Sì, sì, piegò la testa Manulè.
"Mi volevate fregare? Dimmi la verità".
Sì, piegò ancora la testa Manulè.
Ma il boss aveva deciso di ucciderlo, e strinse, e quando l'altro perse i sensi, lasciò la presa, gli afferrò il collo con le mani e, con calma, gli spezzò le ossa. "Manulè vicecapo di Natalone, traditore di sto ciddone. Te la metteremo sulla lapide, questa pubblicità", rise il boss, alzandosi in piedi.
Riprese il sigaro, non si era spento, e si perse nei suoi pensieri così profondamente che solo quando sentì un avvocato gridare, riguardò quell'uomo spezzato che era stato il suo luogotenente e subito dopo, oltre la porta, incrociò gli occhi di O Giappone.
Non c'era bisogno di aggiungere altro: "Sai quello che devi fare", gli ordinò il capo, e lo vide trasalire, spalancare la bocca e sparire oltre lo stipite, mentre accorrevano i carabinieri, una donna gridava in corridoio, e il maresciallo prendeva Manulè e lo lasciava ricadere, come se fosse di fuoco, e il boss si sentiva ormai addosso le mani, le divise, e un odore di malva sulle dita larghe e piatte.

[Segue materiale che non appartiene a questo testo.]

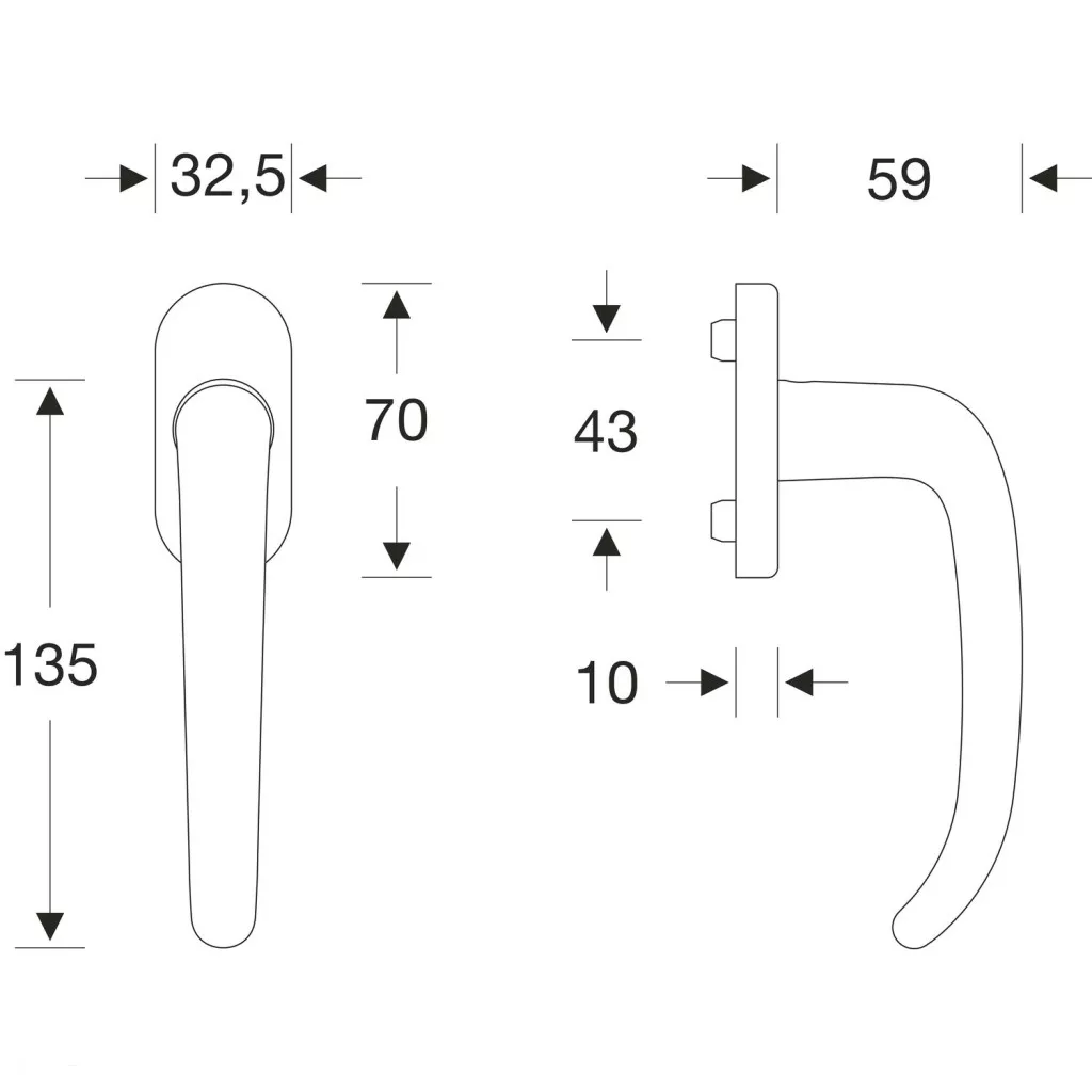 Rozetta (mm): 32,5 x 70 x 10

O Giappone aveva il cuore in gola quando uscì dall'ingresso principale del palazzo di Giustizia, portandosi dietro l'uomo vestito nel perfetto Comasina-Style che andava di moda in quegli anni e che Papero interpretava con un tocco di civetteria nelle cravatte. Fuori, sotto lo scalone, c'era uno degli imputati di Tangentopoli incatenato e con un cartello davanti, Papero lo guardò con commiserazione: "Pagliacci sono. Da quando hanno cominciato a cantare loro, i più deboli dei nostri li hanno copiati. Se parla un politico, che è potente, perché non parlo io, che sono uno stronzo? E vai, tutti a riempire verbali".
O Giappone sembrò accorgersi di lui per la prima volta: "Il boss ha ucciso Manulè", gli disse.

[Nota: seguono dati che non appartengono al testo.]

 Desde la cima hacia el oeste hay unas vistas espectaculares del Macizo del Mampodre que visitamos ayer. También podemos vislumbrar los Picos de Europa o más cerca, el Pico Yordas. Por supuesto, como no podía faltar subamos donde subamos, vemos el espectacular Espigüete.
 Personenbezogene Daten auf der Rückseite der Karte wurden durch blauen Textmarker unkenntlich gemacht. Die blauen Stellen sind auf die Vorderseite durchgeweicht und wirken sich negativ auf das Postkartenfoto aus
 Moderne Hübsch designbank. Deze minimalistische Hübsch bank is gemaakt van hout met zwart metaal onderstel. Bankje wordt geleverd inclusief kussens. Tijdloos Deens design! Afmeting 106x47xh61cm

Il Papero non ebbe la reazione che l'altro si aspettava: "Una cosa che farà epoca, non era mai successo in un Tribunale", fischiò, accelerando per allontanarsi il più velocemente possibile. O Giappone rimase sulle scale, a guardarlo attraversare la strada verso il deposito dei taxi. Si sentiva perduto. Il boss avrebbe fatto ammazzare anche lui? Che sapeva esattamente delle trame ordite da lui e dal povero Manulè? Che fare?

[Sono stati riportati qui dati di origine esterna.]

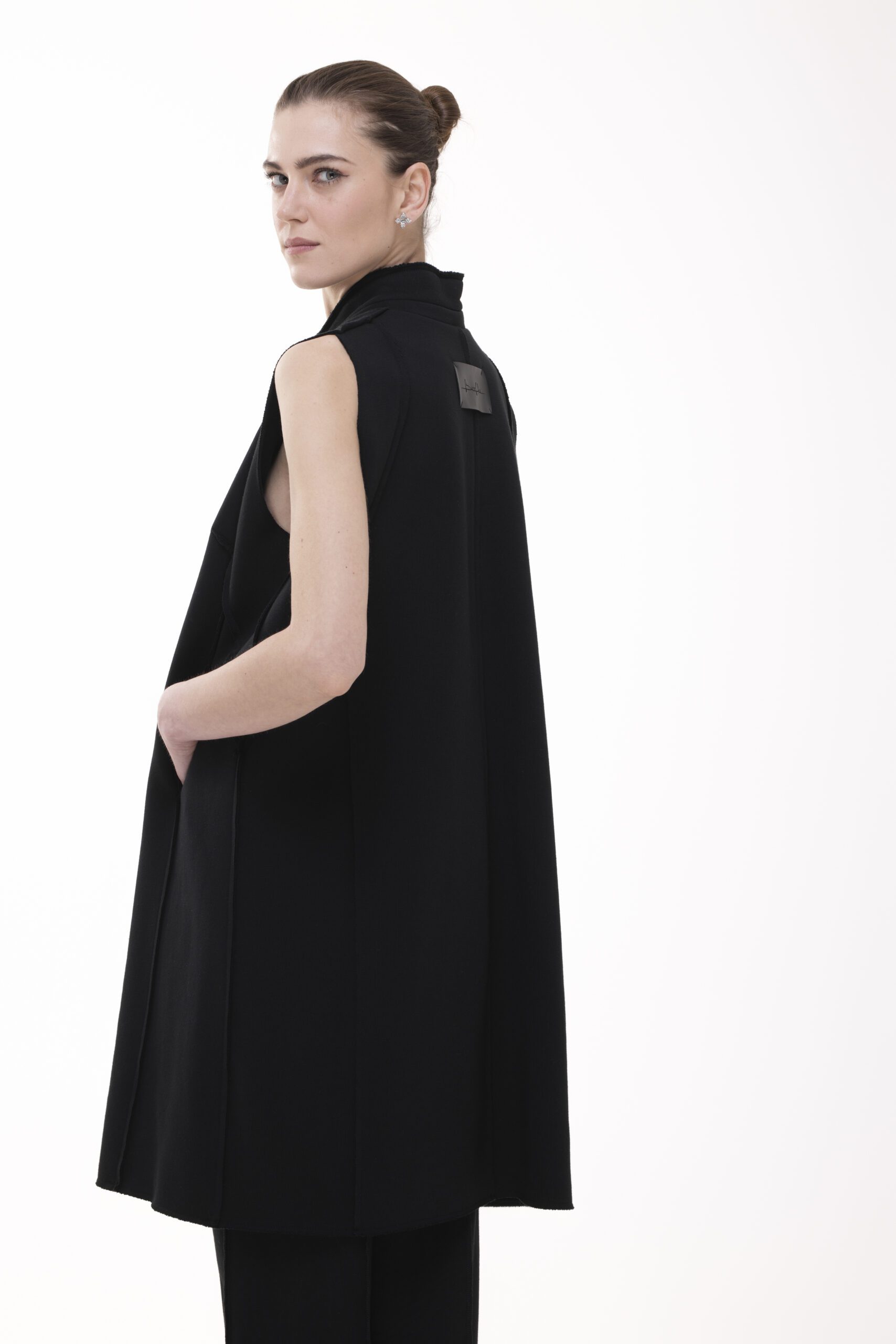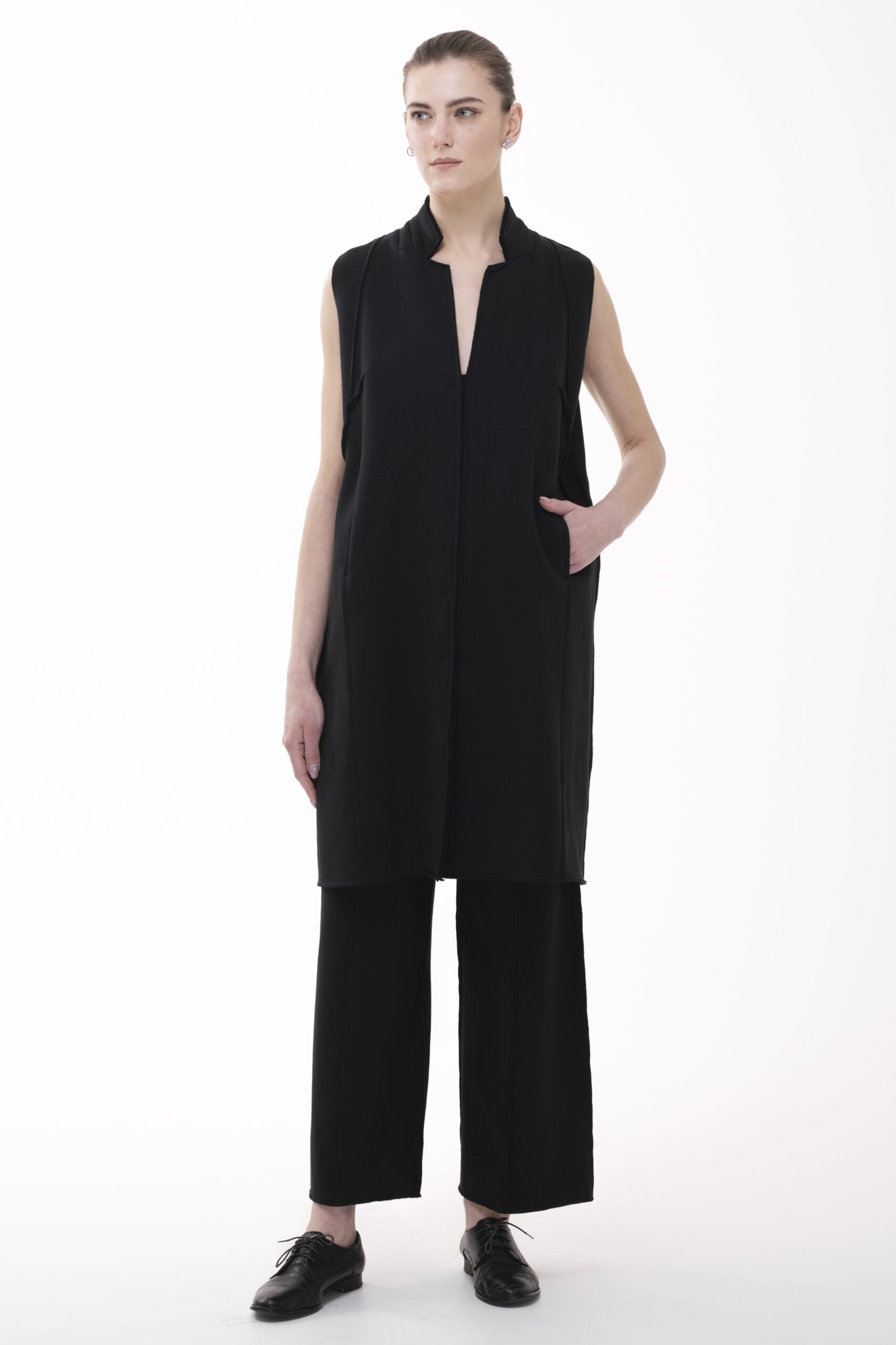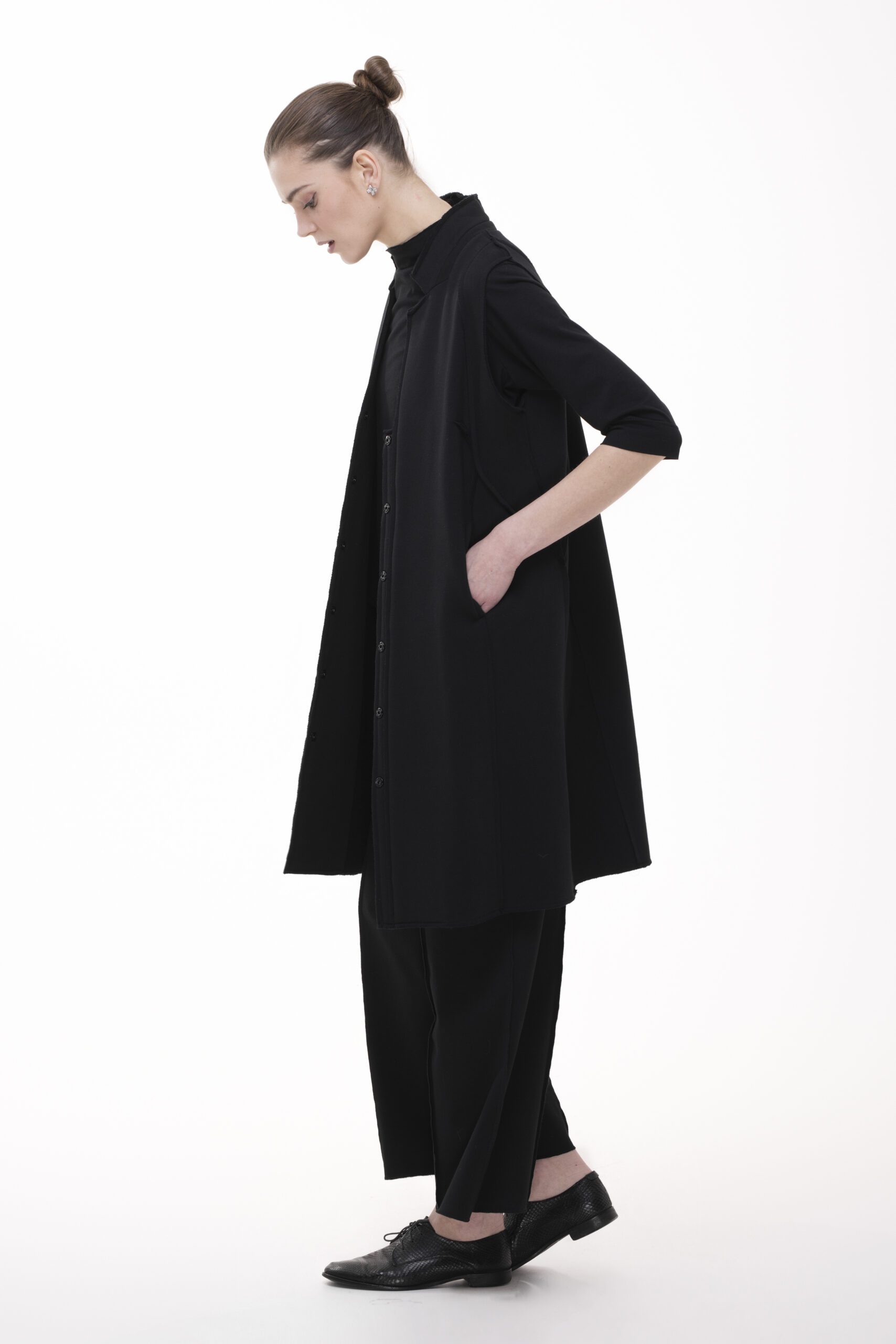 Minimalistyczny krój i czyste linie sprawiają, że doskonale komponuje się z warstwowymi zestawami – możesz narzucić ją na dopasowany golf, koszulę czy nawet sukienkę. Kamizela LINIA to swoboda i przemyślana forma w jednym.

Stabilì che avrebbe dovuto eseguire alla perfezione l'ultimo ordine. Alla perfezione, non c'era altra possibilità. Salì su un taxi che aveva appena accompagnato un legale famoso e si perse nel traffico, mentre sul lato opposto del corridoio della Corte d'Assise il Camorra veniva bloccato dal maresciallo, che non voleva sentire ragioni, e portato in una stanzetta al piano terra, dove rimase a guardare le donne ingioiellate, a sentirne le voci senza poterne ascoltare il fiato, nervoso come una scimmia.
Il mondo del Tribunale s'era fermato e lui non l'aveva capito in tempo. Miiii, quanti carabinieri, e c'era pure il maggiore, quello con l'aria del primo della classe, con due telefoni alle orecchie, che lo fissò: "Tu facevi da palo, la complicità in omicidio è un brutto reato...".